* **Exercise**
Return the lines of the data below, from the one containing "Coupler Directivity Calculator" through the very last, exactly and with both ends included; no pictures.

--- Recorded data ---

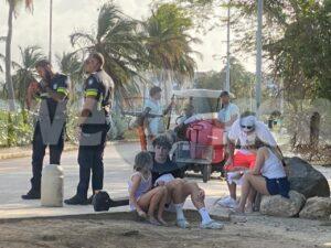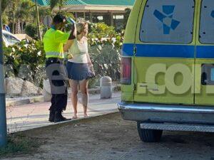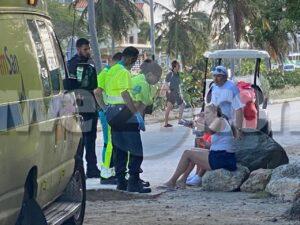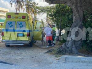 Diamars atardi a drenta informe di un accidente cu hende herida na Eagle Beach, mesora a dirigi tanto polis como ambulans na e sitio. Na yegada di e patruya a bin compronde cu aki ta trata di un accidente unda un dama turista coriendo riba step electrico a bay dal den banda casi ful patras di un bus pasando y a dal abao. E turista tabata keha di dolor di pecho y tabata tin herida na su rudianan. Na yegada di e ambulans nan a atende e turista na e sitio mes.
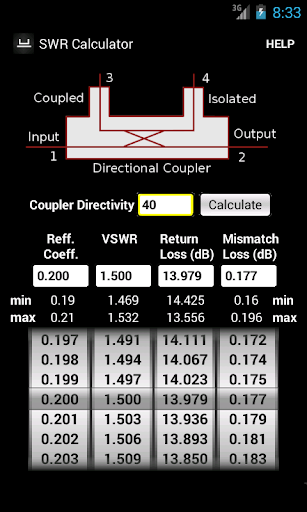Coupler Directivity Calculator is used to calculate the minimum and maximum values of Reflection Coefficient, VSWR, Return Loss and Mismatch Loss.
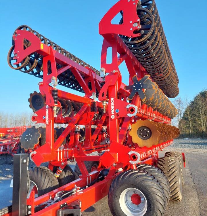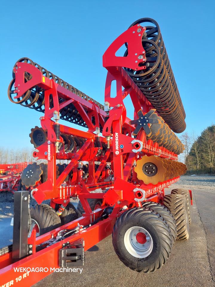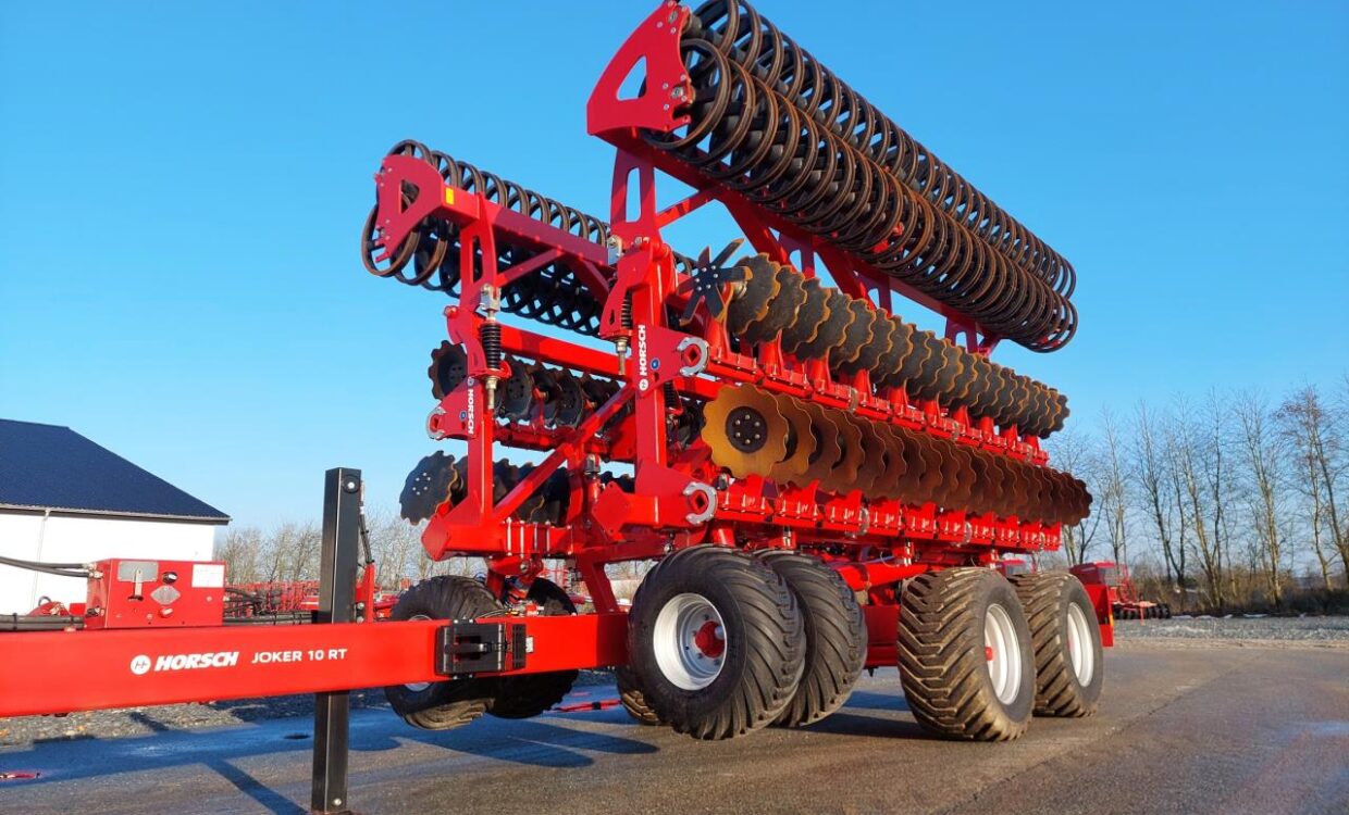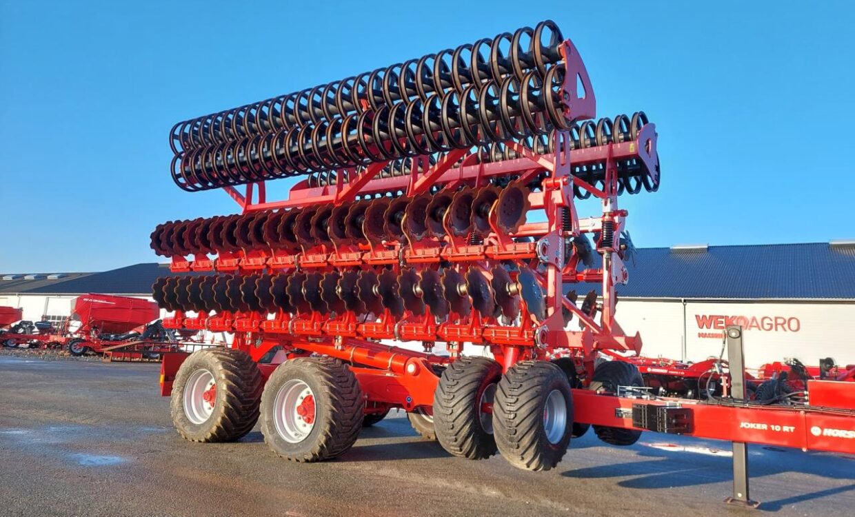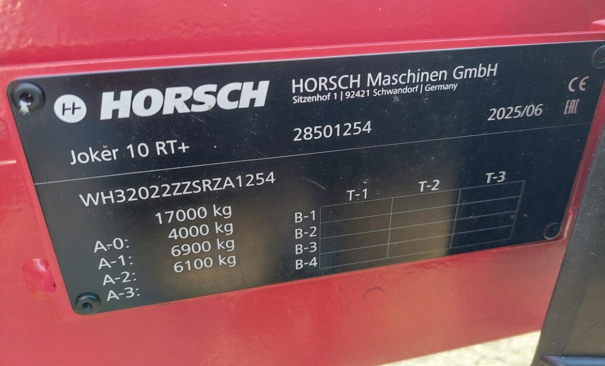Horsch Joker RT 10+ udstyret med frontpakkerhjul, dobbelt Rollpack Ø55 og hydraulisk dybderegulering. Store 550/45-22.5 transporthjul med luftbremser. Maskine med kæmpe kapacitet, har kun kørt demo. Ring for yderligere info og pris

---

* **Exercise output**
Coupler Directivity Calculator is used to calculate the minimum and maximum values of Reflection Coefficient, VSWR, Return Loss and Mismatch Loss.
Horsch Joker RT 10+ udstyret med frontpakkerhjul, dobbelt Rollpack Ø55 og hydraulisk dybderegulering. Store 550/45-22.5 transporthjul med luftbremser. Maskine med kæmpe kapacitet, har kun kørt demo. Ring for yderligere info og pris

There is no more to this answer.